- _ACTIVITY_:
From the line with "Отчет Киевского Отделения" through the line with "2022 yılı özelinde", repeat the entries verbatim, both end lines included, and add nothing.
** RECORDS SUPPLIED follows **
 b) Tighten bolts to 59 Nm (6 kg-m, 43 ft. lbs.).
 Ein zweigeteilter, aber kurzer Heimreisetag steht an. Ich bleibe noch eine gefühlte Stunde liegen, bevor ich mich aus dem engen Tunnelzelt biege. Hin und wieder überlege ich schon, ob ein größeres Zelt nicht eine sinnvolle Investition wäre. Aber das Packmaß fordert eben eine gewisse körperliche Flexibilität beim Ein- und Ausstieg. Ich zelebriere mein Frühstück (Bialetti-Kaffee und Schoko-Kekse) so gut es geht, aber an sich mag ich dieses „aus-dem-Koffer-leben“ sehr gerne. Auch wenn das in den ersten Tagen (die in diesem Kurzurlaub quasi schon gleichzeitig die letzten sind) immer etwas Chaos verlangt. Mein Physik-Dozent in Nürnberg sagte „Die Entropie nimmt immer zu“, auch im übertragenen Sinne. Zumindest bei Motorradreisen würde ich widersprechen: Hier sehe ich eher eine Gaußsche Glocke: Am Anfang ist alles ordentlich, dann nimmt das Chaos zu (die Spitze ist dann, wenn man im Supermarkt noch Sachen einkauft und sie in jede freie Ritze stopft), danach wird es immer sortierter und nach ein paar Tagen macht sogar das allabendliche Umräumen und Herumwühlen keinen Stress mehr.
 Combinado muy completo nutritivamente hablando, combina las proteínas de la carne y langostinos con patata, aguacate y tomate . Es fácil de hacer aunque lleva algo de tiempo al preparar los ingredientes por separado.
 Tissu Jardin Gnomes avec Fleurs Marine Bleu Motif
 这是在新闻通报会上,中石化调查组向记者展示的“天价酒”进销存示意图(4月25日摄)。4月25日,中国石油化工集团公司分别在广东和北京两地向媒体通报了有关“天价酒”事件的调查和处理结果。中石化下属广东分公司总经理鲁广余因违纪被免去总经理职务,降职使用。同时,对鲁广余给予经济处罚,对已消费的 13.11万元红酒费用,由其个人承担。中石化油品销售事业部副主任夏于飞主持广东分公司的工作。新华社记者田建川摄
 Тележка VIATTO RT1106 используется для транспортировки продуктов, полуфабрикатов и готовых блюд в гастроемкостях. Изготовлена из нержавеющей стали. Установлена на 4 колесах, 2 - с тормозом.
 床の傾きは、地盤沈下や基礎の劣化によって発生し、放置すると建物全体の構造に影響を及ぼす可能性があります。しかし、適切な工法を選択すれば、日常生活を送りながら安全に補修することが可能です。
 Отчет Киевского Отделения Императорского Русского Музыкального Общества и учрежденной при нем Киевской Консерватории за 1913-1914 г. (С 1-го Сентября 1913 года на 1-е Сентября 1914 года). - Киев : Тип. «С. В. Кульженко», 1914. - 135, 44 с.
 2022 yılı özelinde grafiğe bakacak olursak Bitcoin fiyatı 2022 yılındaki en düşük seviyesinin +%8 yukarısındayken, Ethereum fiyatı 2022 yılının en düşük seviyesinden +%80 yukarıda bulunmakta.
** End of RECORDS SUPPLIED **
** RECORDS SUPPLIED follows **
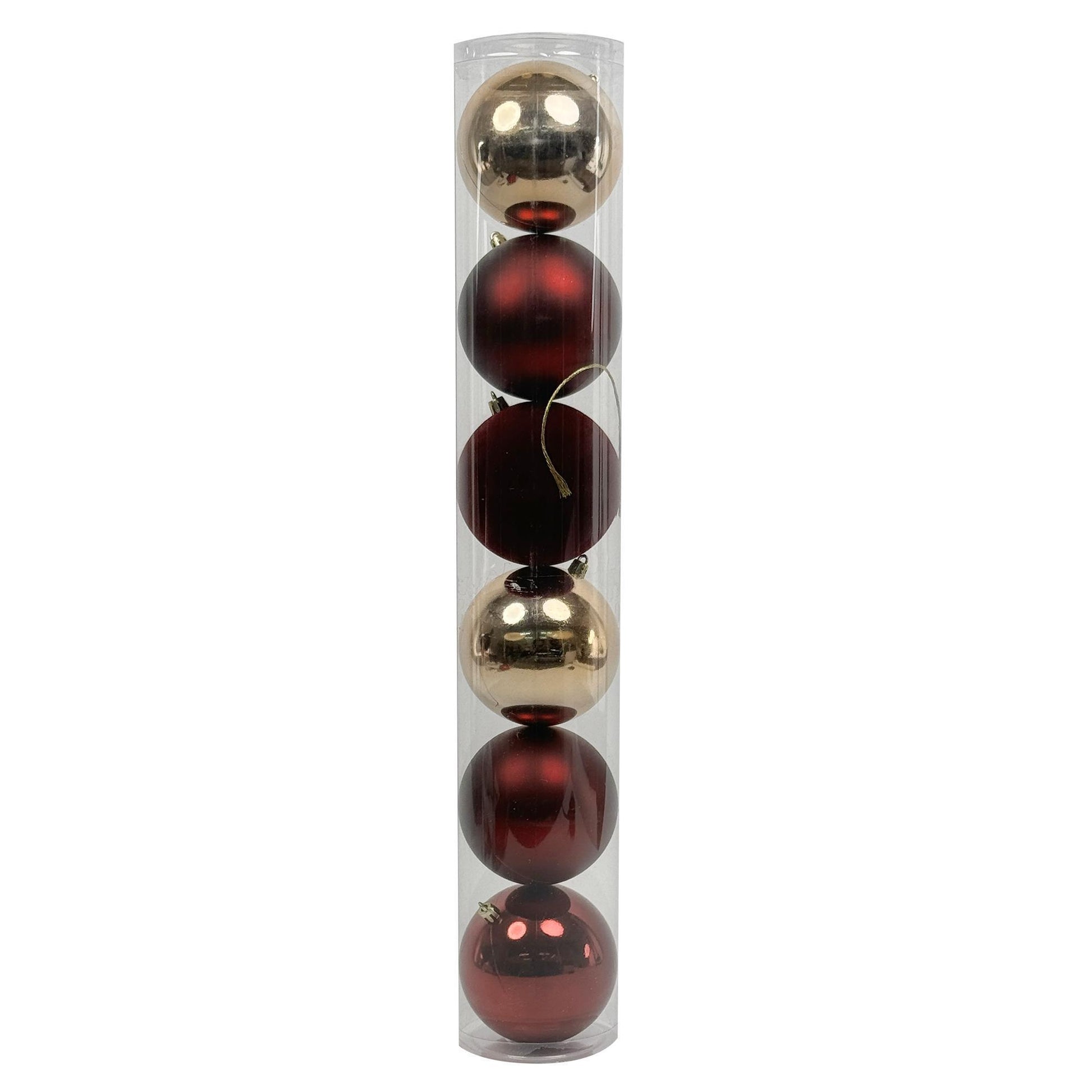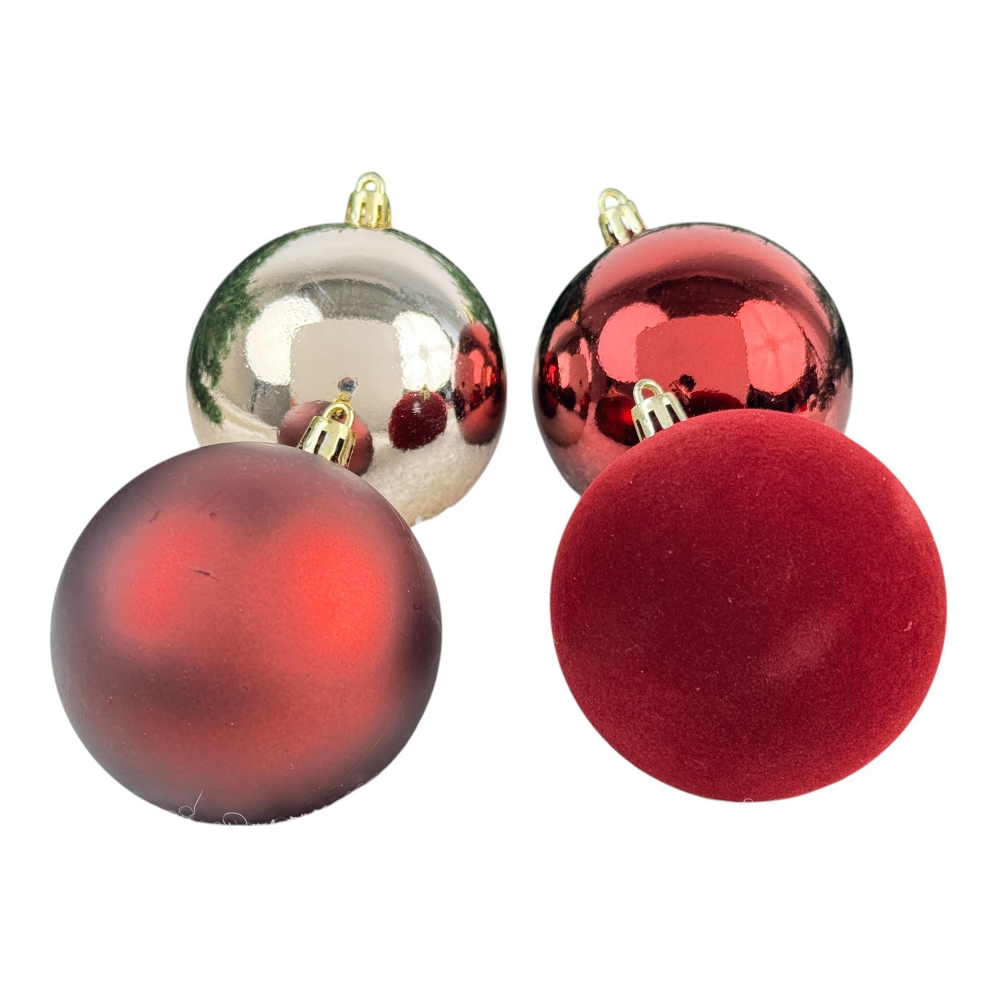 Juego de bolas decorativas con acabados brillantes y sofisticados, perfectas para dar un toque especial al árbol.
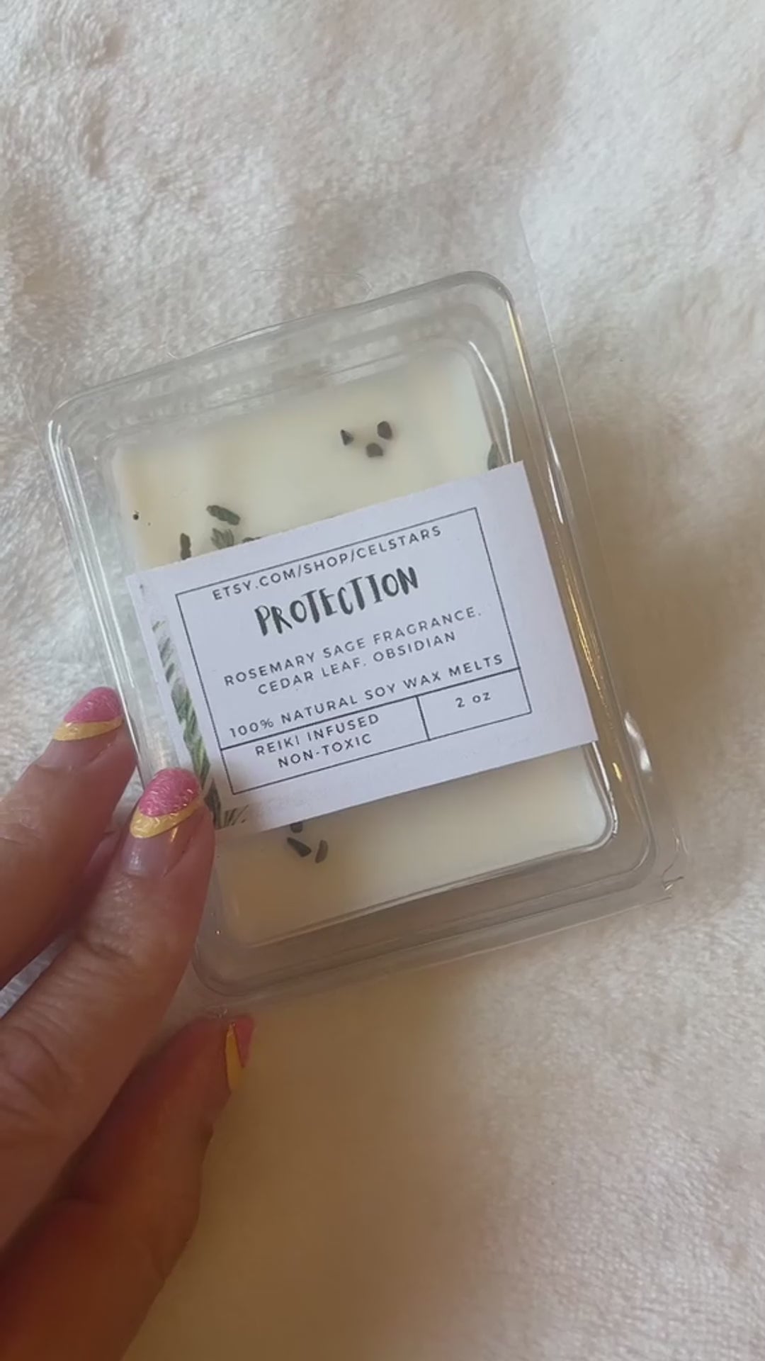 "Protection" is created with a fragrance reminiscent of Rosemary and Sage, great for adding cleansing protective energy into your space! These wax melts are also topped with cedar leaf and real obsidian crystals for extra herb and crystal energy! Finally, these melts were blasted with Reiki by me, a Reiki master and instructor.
** End of RECORDS SUPPLIED **
- _FINISHED EXERCISE_:
 Отчет Киевского Отделения Императорского Русского Музыкального Общества и учрежденной при нем Киевской Консерватории за 1913-1914 г. (С 1-го Сентября 1913 года на 1-е Сентября 1914 года). - Киев : Тип. «С. В. Кульженко», 1914. - 135, 44 с.
 2022 yılı özelinde grafiğe bakacak olursak Bitcoin fiyatı 2022 yılındaki en düşük seviyesinin +%8 yukarısındayken, Ethereum fiyatı 2022 yılının en düşük seviyesinden +%80 yukarıda bulunmakta.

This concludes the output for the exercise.